===== TASK MATERIAL =====

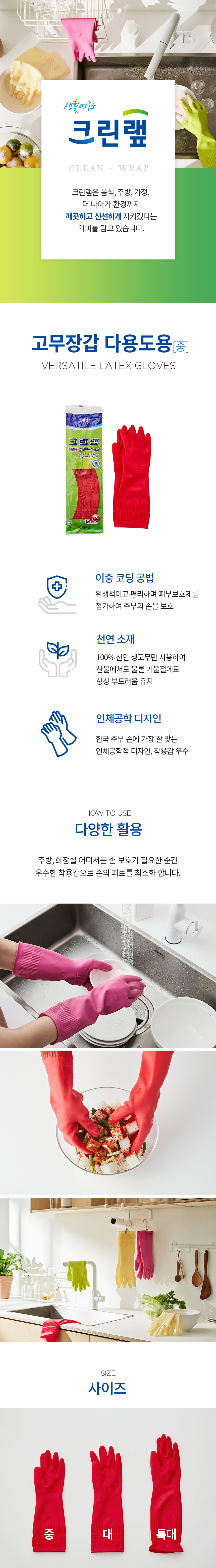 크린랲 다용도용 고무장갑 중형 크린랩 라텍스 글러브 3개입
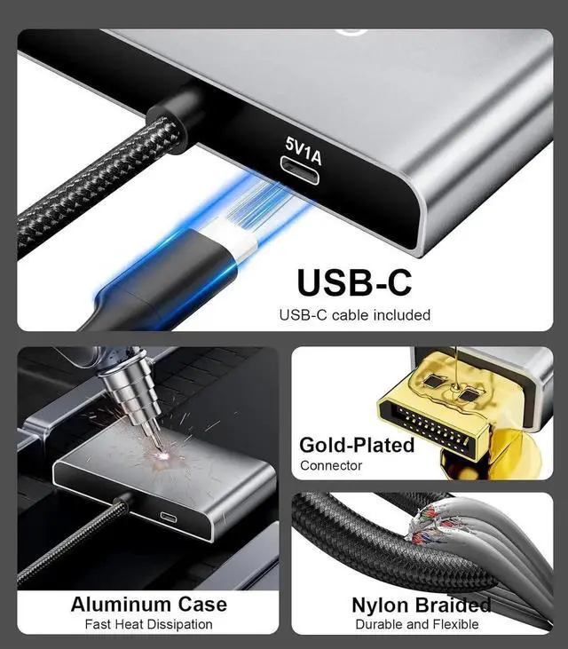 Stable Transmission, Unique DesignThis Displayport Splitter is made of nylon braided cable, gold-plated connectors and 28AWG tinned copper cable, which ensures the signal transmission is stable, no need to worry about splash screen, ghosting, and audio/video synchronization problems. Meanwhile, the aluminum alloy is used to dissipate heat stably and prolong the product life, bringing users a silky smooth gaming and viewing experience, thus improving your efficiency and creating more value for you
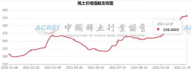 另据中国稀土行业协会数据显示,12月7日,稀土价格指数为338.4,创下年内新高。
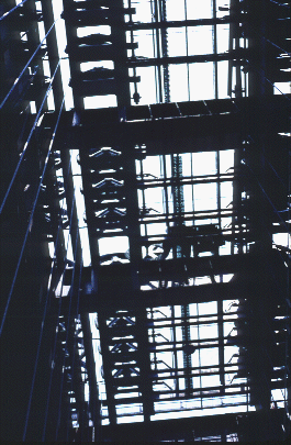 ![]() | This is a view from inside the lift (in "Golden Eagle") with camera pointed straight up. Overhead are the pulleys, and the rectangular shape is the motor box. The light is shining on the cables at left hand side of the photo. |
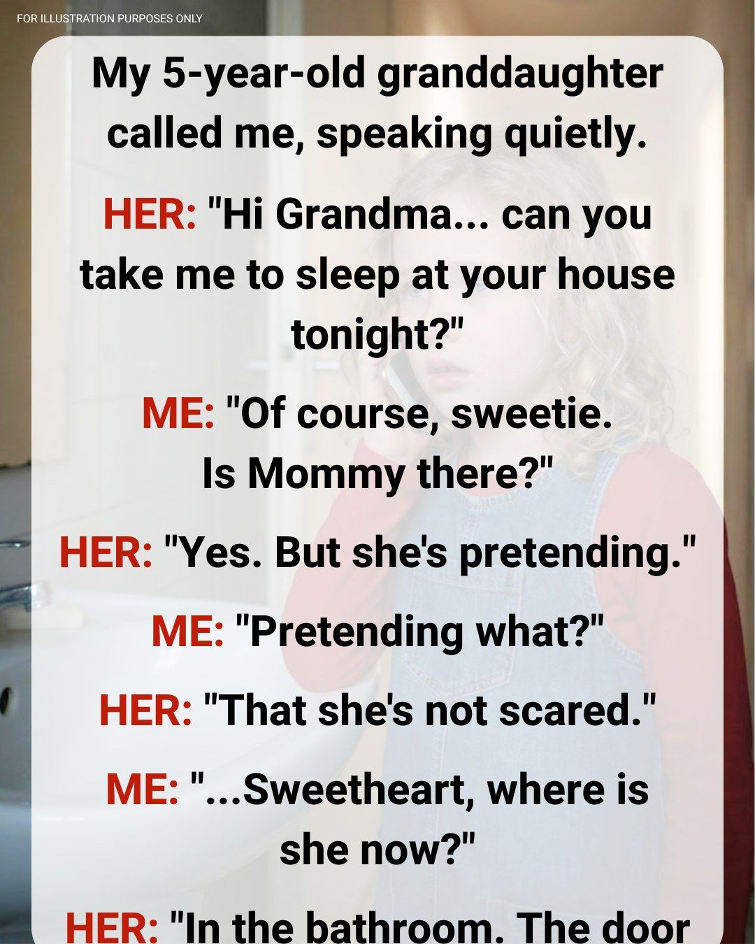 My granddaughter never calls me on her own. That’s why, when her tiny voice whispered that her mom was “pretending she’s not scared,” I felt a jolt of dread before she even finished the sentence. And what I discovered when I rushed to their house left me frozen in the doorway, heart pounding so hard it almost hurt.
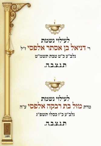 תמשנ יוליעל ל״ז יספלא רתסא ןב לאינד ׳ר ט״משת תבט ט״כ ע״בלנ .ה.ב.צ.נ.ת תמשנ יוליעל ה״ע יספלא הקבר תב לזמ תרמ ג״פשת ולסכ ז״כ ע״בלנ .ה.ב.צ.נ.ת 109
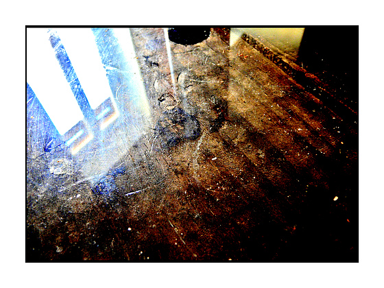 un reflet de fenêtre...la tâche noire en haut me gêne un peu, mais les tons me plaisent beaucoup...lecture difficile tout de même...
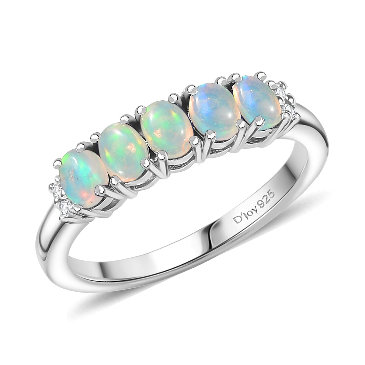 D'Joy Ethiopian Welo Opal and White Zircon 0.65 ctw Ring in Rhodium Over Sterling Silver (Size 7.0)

=====

Up to and including the line containing "另据中国稀土行业协会数据显示", quote each line of the entries above from the very first, please, exactly and without images.

 크린랲 다용도용 고무장갑 중형 크린랩 라텍스 글러브 3개입
 Stable Transmission, Unique DesignThis Displayport Splitter is made of nylon braided cable, gold-plated connectors and 28AWG tinned copper cable, which ensures the signal transmission is stable, no need to worry about splash screen, ghosting, and audio/video synchronization problems. Meanwhile, the aluminum alloy is used to dissipate heat stably and prolong the product life, bringing users a silky smooth gaming and viewing experience, thus improving your efficiency and creating more value for you
 另据中国稀土行业协会数据显示,12月7日,稀土价格指数为338.4,创下年内新高。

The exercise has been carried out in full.